# Help with training and weight loss



## Kerry_C (Feb 15, 2014)

Hi guys im just looking a bit of advice on losing excess fat and toning up (Mostly rround my middle which wont seem to budge).

I am 27 years old...5ft 6in...10st and size 10.

I have noticed since taking protein drinks (3 weeks) after training that my arms and legs seem to be more toned and less "fat" looking but my stomach is my main problem!

Currently I am training 5 to 6 days a week doing 2.5hrs of cardio broken up over those days in the form of fasted running or the stepper.

I also train bis and tris on a monday and thurs...legs on a tues and fri shoulders and back on a wed. (30mins fasted cardio done before weight training).

My diet isn't too bad but I really need most of my help here as im not sure what to be eating and how much/little.

6.15am banana and natural yoghurt

7am -8am gym before work

8am protein shake

10am oats with almond milk

12pm apple or orange

1.30pm tuna or chicken salad with boiled egg white

3pm apple or orange and cup of coffee

6.30pm chicken and roasted veg or fish and salad

At the weekend I probably relax a little too much...on a Saturday id have 2 glasses of wine and possibly share a chinese or indian.

Any help or suggestions welcome 

Thanks


----------



## mr small (Apr 18, 2005)

@kristina maybe you could help this person out ?


----------



## Narcissus (Nov 18, 2012)

I would put a fruit post-workout

remove the meal of 12pm

and then I would use a carb cycling to not slow down your metabolism


----------



## Kristina (Apr 12, 2014)

Kerry_C said:


> Hi guys im just looking a bit of advice on losing excess fat and toning up (Mostly rround my middle which wont seem to budge).
> 
> I am 27 years old...5ft 6in...10st and size 10.
> 
> ...


Hi Kerry, welcome to the forum.

I'd love to give some suggestions but the most important factor is consistency and it seems like you are making steady progress; hang in there and keep up the work.

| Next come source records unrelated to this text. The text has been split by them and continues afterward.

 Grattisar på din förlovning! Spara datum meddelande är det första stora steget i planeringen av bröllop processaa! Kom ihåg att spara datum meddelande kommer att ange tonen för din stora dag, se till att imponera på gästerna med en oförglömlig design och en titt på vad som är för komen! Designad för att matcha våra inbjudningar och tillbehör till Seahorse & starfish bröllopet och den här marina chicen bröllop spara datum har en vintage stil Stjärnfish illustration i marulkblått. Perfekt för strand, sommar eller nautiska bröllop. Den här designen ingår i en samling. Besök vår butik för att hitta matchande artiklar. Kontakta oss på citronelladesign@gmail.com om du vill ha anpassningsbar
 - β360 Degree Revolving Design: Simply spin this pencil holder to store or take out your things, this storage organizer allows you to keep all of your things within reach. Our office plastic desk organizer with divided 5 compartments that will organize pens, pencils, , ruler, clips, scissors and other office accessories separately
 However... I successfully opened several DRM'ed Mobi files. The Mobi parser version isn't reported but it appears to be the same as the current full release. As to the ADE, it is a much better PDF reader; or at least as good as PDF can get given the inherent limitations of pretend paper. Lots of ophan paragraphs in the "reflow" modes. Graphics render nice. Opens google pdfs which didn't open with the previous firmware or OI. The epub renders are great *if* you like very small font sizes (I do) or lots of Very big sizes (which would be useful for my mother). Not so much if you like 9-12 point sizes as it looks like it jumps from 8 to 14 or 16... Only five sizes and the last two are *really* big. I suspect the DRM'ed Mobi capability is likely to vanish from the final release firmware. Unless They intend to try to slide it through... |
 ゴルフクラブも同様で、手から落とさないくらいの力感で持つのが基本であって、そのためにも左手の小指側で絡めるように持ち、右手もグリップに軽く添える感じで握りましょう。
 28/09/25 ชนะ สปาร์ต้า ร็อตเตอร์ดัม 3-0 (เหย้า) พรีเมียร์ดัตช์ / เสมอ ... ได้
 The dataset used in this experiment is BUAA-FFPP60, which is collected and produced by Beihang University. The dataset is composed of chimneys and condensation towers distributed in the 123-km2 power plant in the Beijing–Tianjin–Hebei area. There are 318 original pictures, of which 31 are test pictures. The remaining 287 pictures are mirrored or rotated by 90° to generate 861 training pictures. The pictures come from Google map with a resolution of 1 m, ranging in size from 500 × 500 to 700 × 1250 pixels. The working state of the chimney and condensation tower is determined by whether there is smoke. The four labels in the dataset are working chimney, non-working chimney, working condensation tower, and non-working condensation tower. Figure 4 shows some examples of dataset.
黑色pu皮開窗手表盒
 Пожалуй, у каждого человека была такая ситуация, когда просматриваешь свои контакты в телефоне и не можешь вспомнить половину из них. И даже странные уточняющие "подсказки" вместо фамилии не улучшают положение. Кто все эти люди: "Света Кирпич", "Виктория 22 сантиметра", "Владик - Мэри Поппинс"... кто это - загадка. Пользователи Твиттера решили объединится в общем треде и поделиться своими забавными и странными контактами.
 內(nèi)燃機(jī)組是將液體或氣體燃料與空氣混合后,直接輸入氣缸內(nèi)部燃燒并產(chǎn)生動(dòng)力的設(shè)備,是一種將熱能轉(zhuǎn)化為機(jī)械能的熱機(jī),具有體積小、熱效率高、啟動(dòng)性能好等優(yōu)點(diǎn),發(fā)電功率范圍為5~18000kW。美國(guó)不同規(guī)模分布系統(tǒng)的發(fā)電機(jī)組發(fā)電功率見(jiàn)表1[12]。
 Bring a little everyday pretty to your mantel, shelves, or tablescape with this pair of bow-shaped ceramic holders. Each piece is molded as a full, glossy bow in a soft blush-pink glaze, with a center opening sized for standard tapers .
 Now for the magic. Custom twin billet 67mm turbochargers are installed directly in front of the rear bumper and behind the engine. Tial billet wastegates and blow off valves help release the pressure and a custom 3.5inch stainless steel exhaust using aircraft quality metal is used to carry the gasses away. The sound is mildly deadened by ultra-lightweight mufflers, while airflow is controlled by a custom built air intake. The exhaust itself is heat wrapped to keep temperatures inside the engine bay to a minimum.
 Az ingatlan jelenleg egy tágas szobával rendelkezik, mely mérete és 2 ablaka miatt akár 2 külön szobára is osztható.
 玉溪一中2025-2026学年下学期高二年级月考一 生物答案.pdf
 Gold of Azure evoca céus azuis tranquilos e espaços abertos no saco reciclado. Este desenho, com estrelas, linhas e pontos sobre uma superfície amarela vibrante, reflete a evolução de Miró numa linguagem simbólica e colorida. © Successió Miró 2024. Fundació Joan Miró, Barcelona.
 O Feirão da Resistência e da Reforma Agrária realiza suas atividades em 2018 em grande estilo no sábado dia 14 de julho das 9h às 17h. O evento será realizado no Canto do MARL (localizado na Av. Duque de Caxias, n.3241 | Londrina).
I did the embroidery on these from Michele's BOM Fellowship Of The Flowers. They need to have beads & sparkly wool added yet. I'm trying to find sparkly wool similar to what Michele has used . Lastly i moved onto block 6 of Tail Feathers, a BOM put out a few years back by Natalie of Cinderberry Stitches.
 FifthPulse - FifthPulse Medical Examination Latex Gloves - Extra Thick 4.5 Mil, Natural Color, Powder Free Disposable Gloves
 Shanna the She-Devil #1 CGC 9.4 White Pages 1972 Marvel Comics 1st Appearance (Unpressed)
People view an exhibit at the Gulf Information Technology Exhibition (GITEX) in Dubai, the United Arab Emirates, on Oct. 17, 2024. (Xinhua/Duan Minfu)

The first point to make is that you cannot spot-reduce fat loss, so there is no such thing as focusing on a certain area to lose. For us ladies, we genetically tend to store more fat around the mid-section so the tummy area will tend to be the last to go for the majority of us... don't despair. As you continue to make progress, you will lose fat evenly throughout the body.

Your aim should be to get your training in check, build some muscle mass (called lean mass) - this is what results in that 'toned' look you're talking about, develop overall strength (functional strength is what you're aiming for, with big compound lifts such as deadlifts and squats but I'll follow up on that below) and training with a good level of intensity.

Some points that I would make:

1) Protein drinks are not necessarily the reason you are toning up; protein drinks are just another form of cosuming food/nutrition. They are not a magic formula, and the best reason to drink them is if you find them specifically easier to adhere to (i.e some people love the ease, versatility, practicality or the clear-as-day calorie value so that they can keep track and control of their calorie intake). If this works for you, then so be it, but don't let this put you off having a balanced meal if solid food is your preference.

2) I am not sure exactly how and what your training is like (what lifts are you doing? It seems like you are splitting up your days into arms, shoulders and back) - I'm assuming you're doing a lot of isolation work? Post up your protocol as this is probably where *the biggest, most useful constructive feedback* is going to be the most relevant to making a difference to your results. The 'split' you've described up there doesn't describe a complete, systematic and well-devised 'program' so to speak. How long have you been training for, also?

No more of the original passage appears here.